WORK INSTRUCTIONS —
Once the line with "Subject: The neoclassical" has been located in the records below, set down that line and all subsequent lines exactly, omitting the pictures.

(Dataset entries)
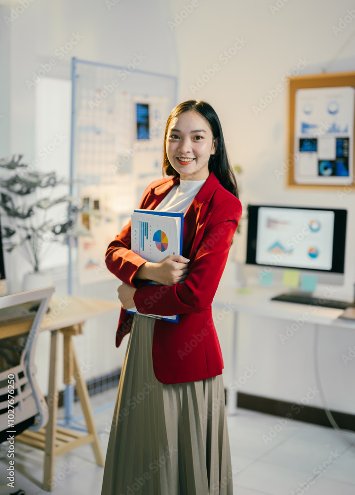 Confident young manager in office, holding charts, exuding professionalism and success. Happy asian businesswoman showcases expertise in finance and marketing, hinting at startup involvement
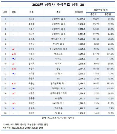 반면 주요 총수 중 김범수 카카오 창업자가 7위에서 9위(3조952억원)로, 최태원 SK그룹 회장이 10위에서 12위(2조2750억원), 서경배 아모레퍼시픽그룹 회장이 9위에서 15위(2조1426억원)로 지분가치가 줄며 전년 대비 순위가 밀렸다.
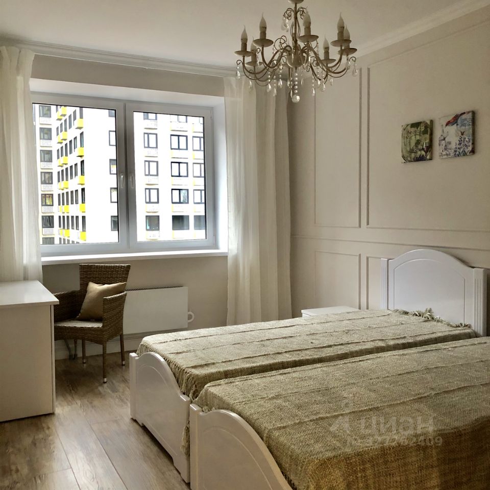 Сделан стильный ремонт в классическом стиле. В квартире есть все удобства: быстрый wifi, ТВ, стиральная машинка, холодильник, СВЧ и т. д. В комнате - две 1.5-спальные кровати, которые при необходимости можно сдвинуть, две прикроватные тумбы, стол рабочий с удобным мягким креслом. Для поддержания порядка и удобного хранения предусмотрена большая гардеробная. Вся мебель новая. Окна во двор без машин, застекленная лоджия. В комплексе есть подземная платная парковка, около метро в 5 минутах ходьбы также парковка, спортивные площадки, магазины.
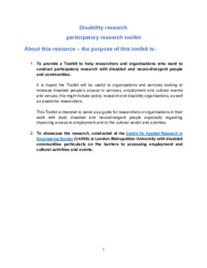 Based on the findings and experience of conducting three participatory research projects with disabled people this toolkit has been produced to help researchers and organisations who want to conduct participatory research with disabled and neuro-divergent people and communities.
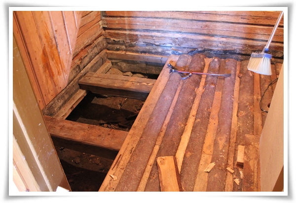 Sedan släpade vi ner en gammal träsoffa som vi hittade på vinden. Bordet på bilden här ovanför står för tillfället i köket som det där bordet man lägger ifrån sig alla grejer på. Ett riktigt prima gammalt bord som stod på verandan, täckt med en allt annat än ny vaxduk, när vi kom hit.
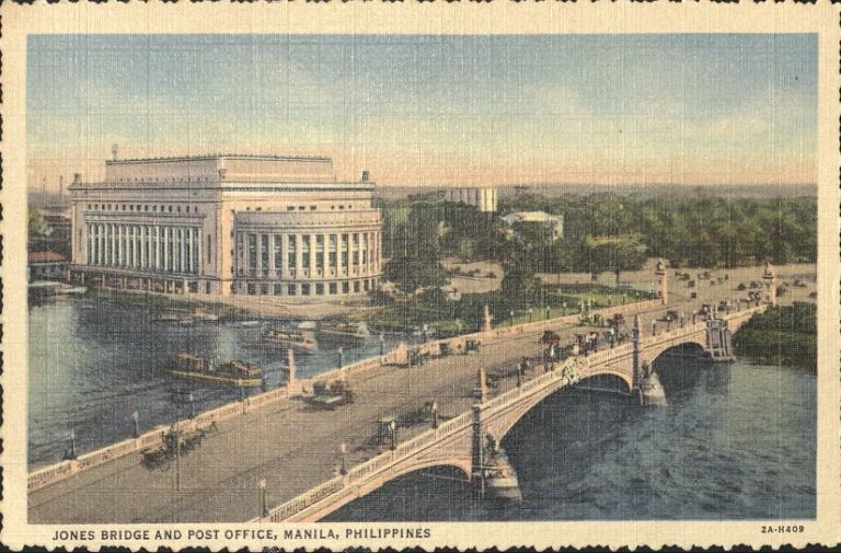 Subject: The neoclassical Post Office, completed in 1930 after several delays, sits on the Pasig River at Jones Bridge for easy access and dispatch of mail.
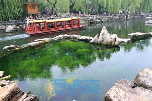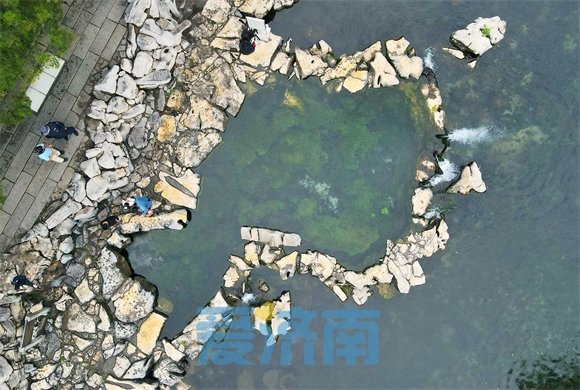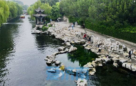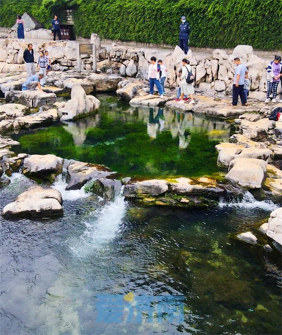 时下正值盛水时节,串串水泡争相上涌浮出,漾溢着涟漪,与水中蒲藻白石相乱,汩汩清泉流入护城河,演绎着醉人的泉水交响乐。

TASK RESPONSE —
 Subject: The neoclassical Post Office, completed in 1930 after several delays, sits on the Pasig River at Jones Bridge for easy access and dispatch of mail.
 时下正值盛水时节,串串水泡争相上涌浮出,漾溢着涟漪,与水中蒲藻白石相乱,汩汩清泉流入护城河,演绎着醉人的泉水交响乐。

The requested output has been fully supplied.